*Problem description:*
Begin the copy at the line containing "Na początku września" in the data below and end it at the line containing "The Breitling Endurance", keeping each line exact and leaving out pictures.

*Excerpted records:*
┌────────

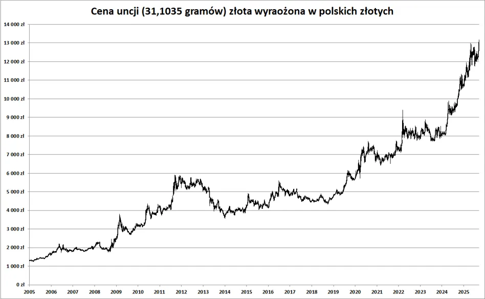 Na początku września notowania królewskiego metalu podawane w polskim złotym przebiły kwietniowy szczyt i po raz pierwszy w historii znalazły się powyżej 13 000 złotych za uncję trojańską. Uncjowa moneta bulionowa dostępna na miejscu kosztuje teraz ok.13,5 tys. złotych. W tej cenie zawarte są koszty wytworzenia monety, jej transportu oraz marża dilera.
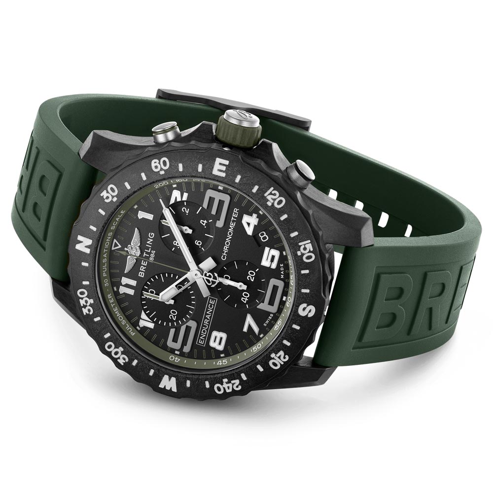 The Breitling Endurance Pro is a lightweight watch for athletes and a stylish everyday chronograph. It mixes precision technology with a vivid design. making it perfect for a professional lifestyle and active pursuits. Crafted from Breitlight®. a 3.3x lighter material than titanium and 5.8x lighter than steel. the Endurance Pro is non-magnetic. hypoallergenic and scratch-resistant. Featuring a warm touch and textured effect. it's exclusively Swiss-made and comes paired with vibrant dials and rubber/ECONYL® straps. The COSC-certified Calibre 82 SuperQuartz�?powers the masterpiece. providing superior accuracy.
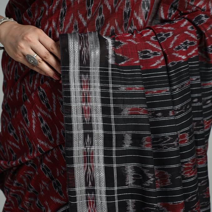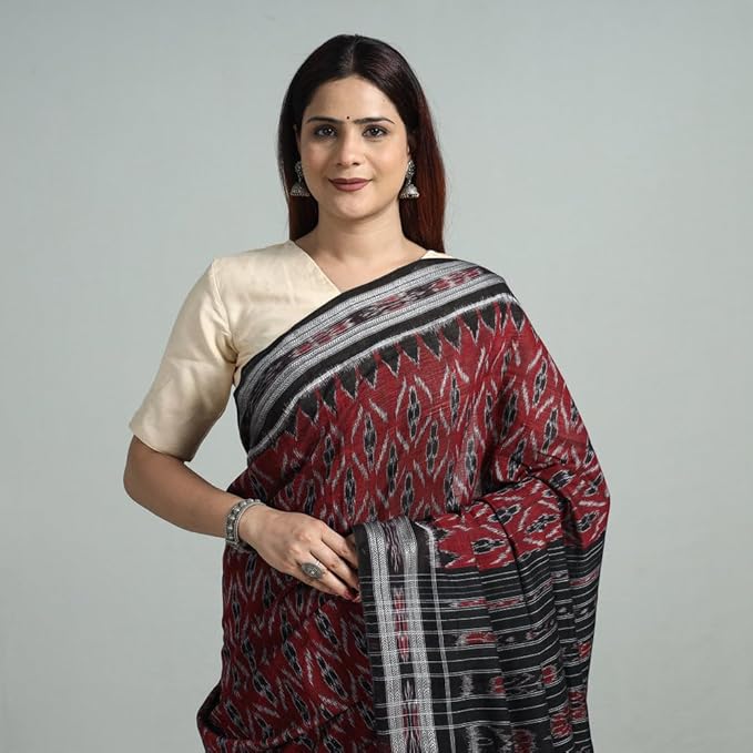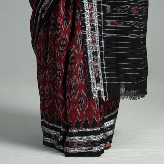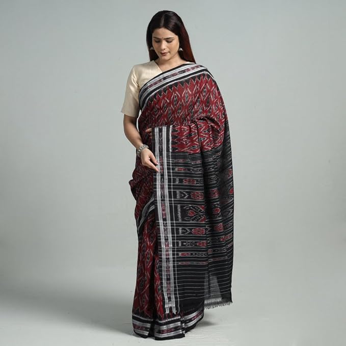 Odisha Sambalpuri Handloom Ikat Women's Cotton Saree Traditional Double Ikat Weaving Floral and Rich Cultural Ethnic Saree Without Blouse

└────────
┌────────

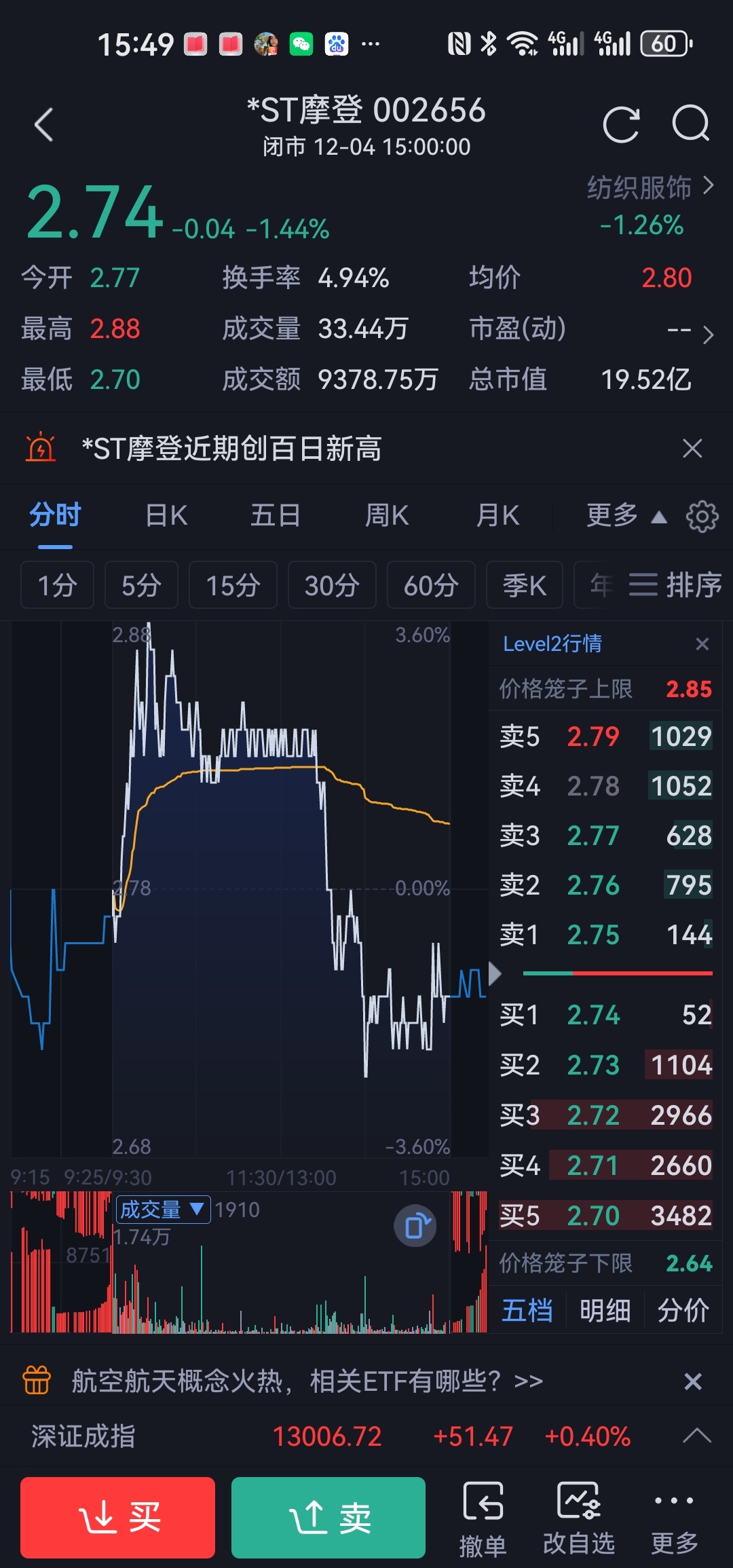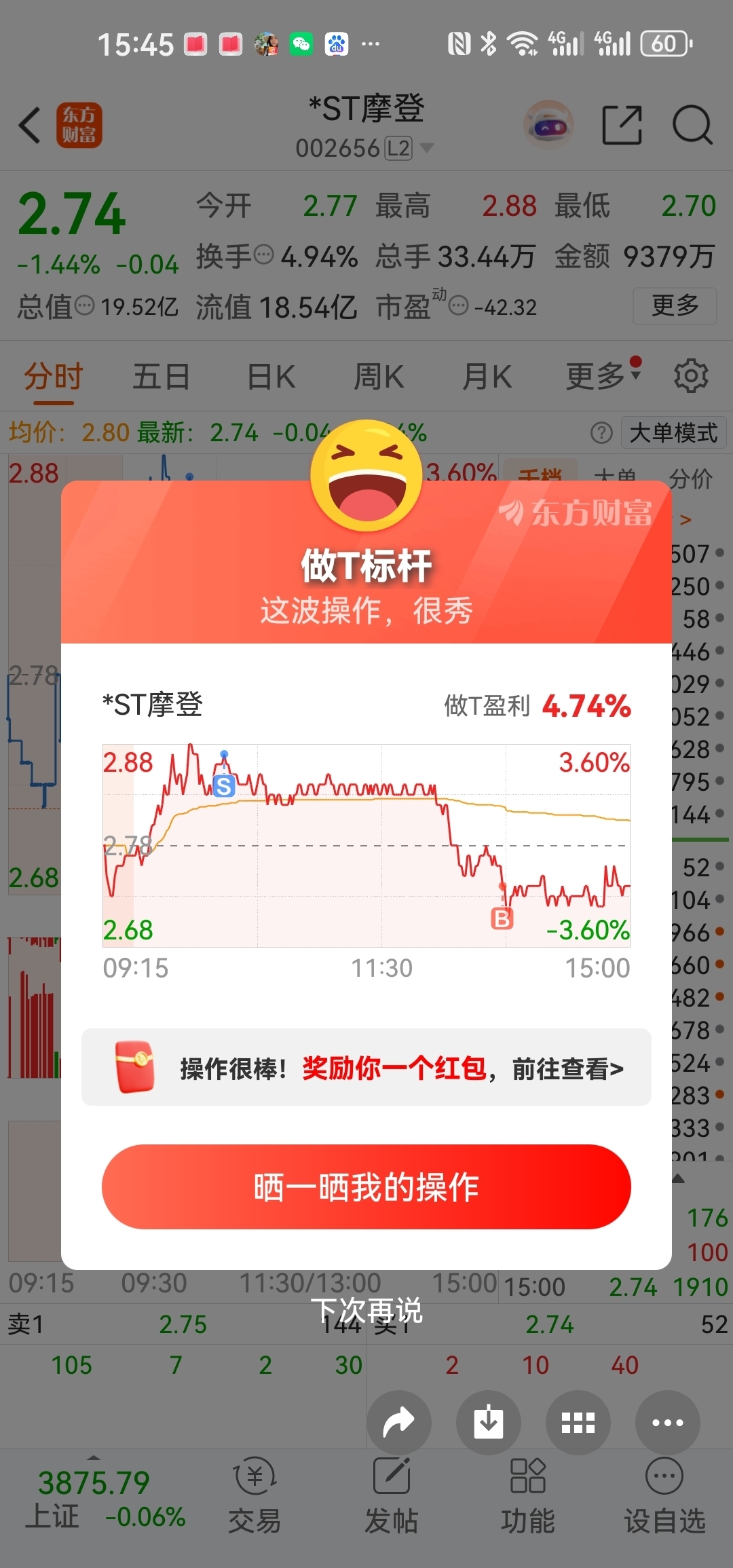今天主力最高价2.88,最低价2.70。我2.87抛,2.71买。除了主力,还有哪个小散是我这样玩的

└────────

*Response box:*
 Na początku września notowania królewskiego metalu podawane w polskim złotym przebiły kwietniowy szczyt i po raz pierwszy w historii znalazły się powyżej 13 000 złotych za uncję trojańską. Uncjowa moneta bulionowa dostępna na miejscu kosztuje teraz ok.13,5 tys. złotych. W tej cenie zawarte są koszty wytworzenia monety, jej transportu oraz marża dilera.
 The Breitling Endurance Pro is a lightweight watch for athletes and a stylish everyday chronograph. It mixes precision technology with a vivid design. making it perfect for a professional lifestyle and active pursuits. Crafted from Breitlight®. a 3.3x lighter material than titanium and 5.8x lighter than steel. the Endurance Pro is non-magnetic. hypoallergenic and scratch-resistant. Featuring a warm touch and textured effect. it's exclusively Swiss-made and comes paired with vibrant dials and rubber/ECONYL® straps. The COSC-certified Calibre 82 SuperQuartz�?powers the masterpiece. providing superior accuracy.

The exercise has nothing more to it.